• SUPPLIED MATERIAL
******
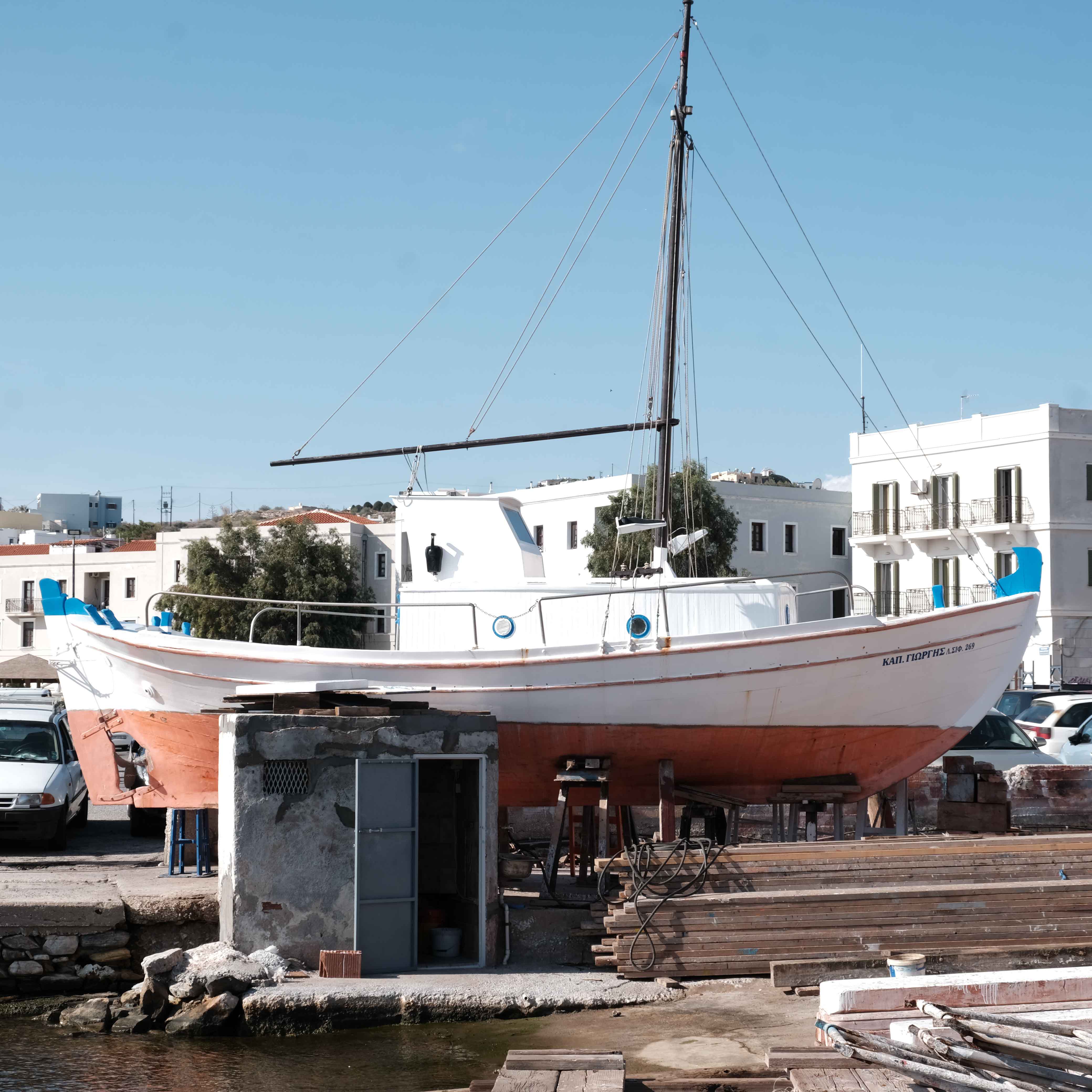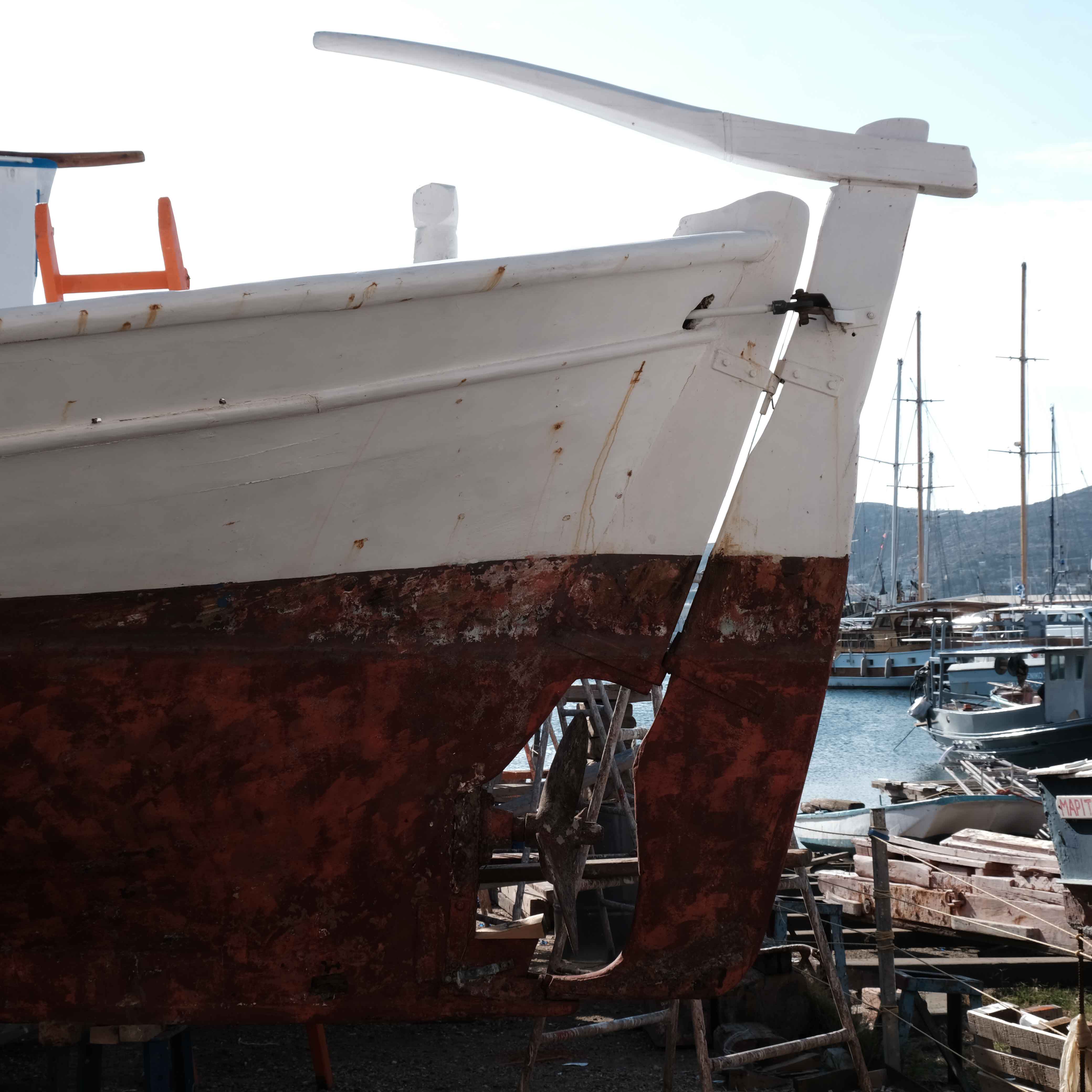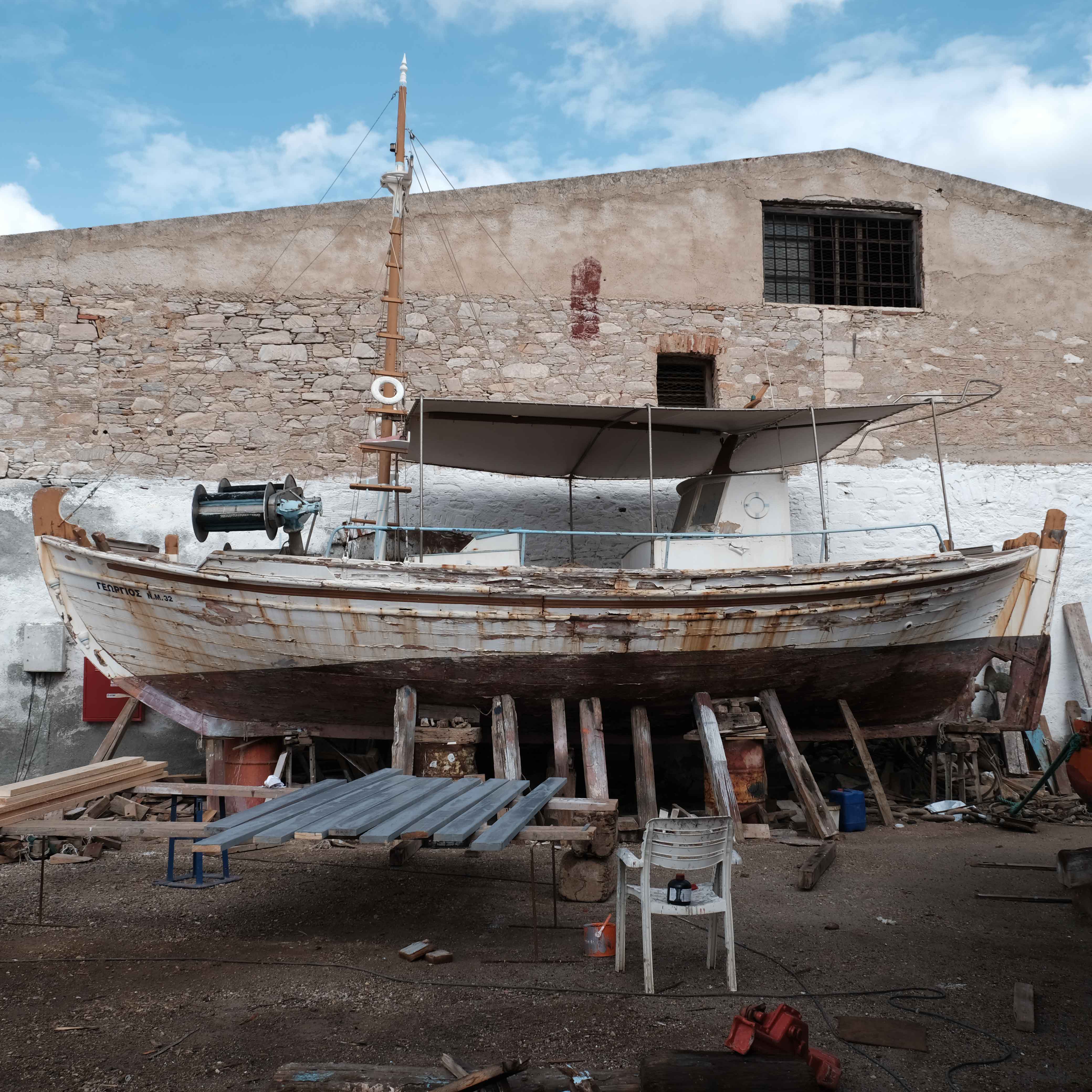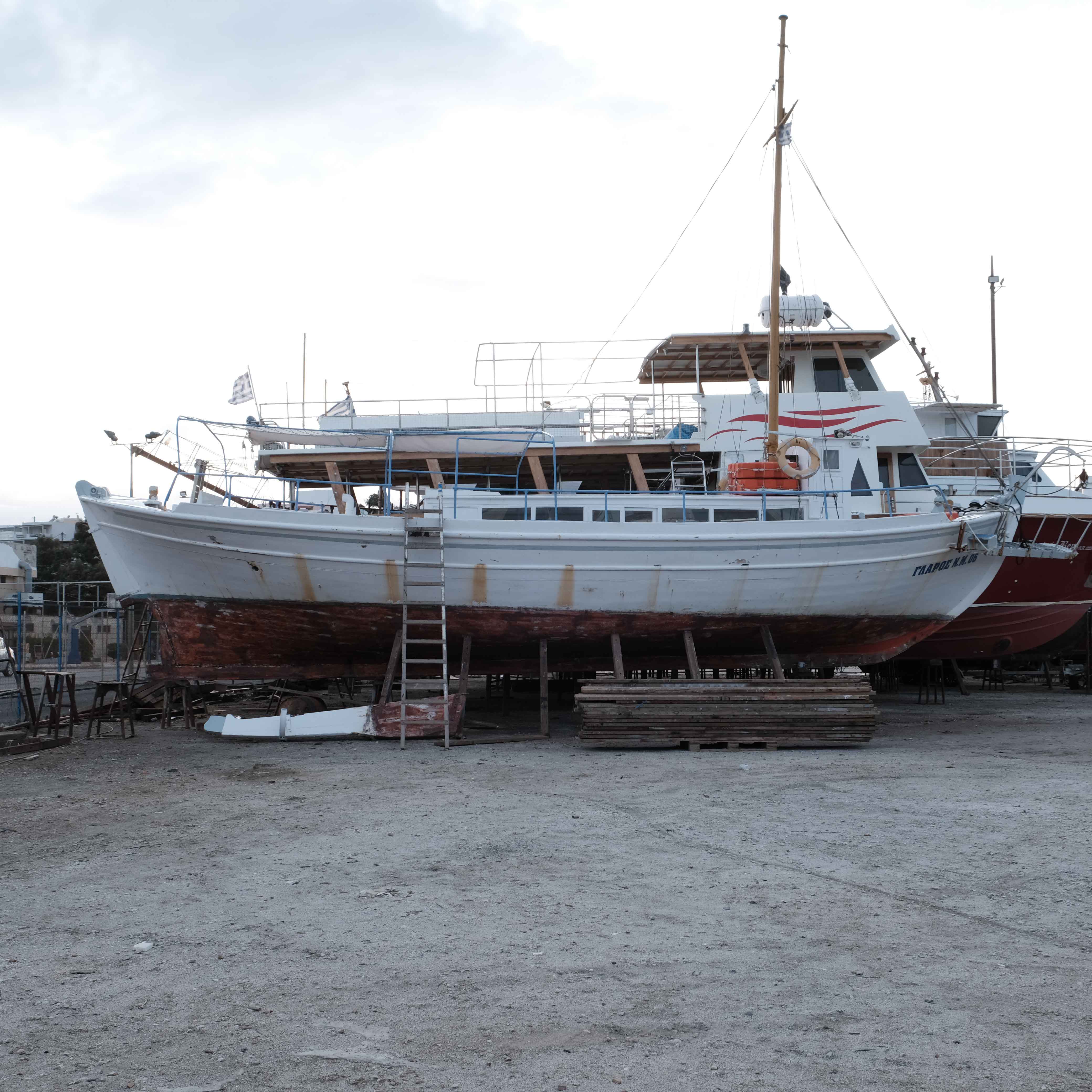 For five generations, the Polidoulis family has upheld the tradition of maintenance and caulking of wooden boats; drydocked boats, winches, and a wooden slipway form a portrait of the yard’s daily activity.
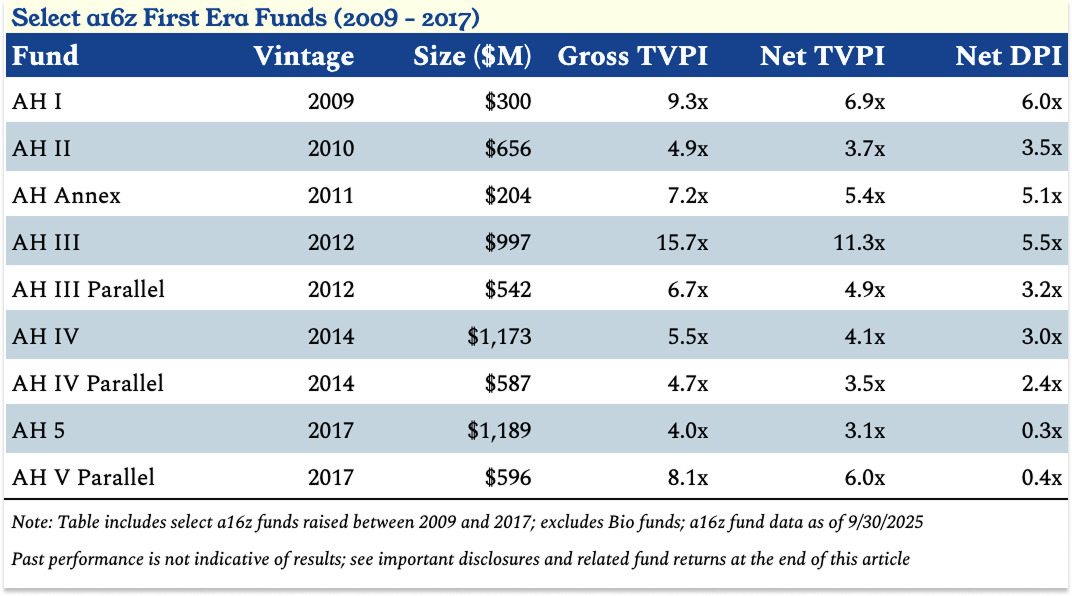 从 AH 3 开始就一直是 a16z LP 的一位负责人说,他们对稳定的(净)3 倍(TVPI)基金非常满意,偶尔是(净)5 倍+(TVPI),这就是他们所交付的。a16z 是少数能够在长期范围内大规模实现这种表现的公司之一。
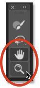 取样画笔和套索工具下面是Photoshop的标准手形工具(用于平移和滚动图像)和缩放工具(用于放大和缩小):
******
• TASK ITEM
Write out the material above once more, word for word. Images stay out.

• SOLUTION TO THE PROBLEM
 For five generations, the Polidoulis family has upheld the tradition of maintenance and caulking of wooden boats; drydocked boats, winches, and a wooden slipway form a portrait of the yard’s daily activity.
 从 AH 3 开始就一直是 a16z LP 的一位负责人说,他们对稳定的(净)3 倍(TVPI)基金非常满意,偶尔是(净)5 倍+(TVPI),这就是他们所交付的。a16z 是少数能够在长期范围内大规模实现这种表现的公司之一。
 取样画笔和套索工具下面是Photoshop的标准手形工具(用于平移和滚动图像)和缩放工具(用于放大和缩小):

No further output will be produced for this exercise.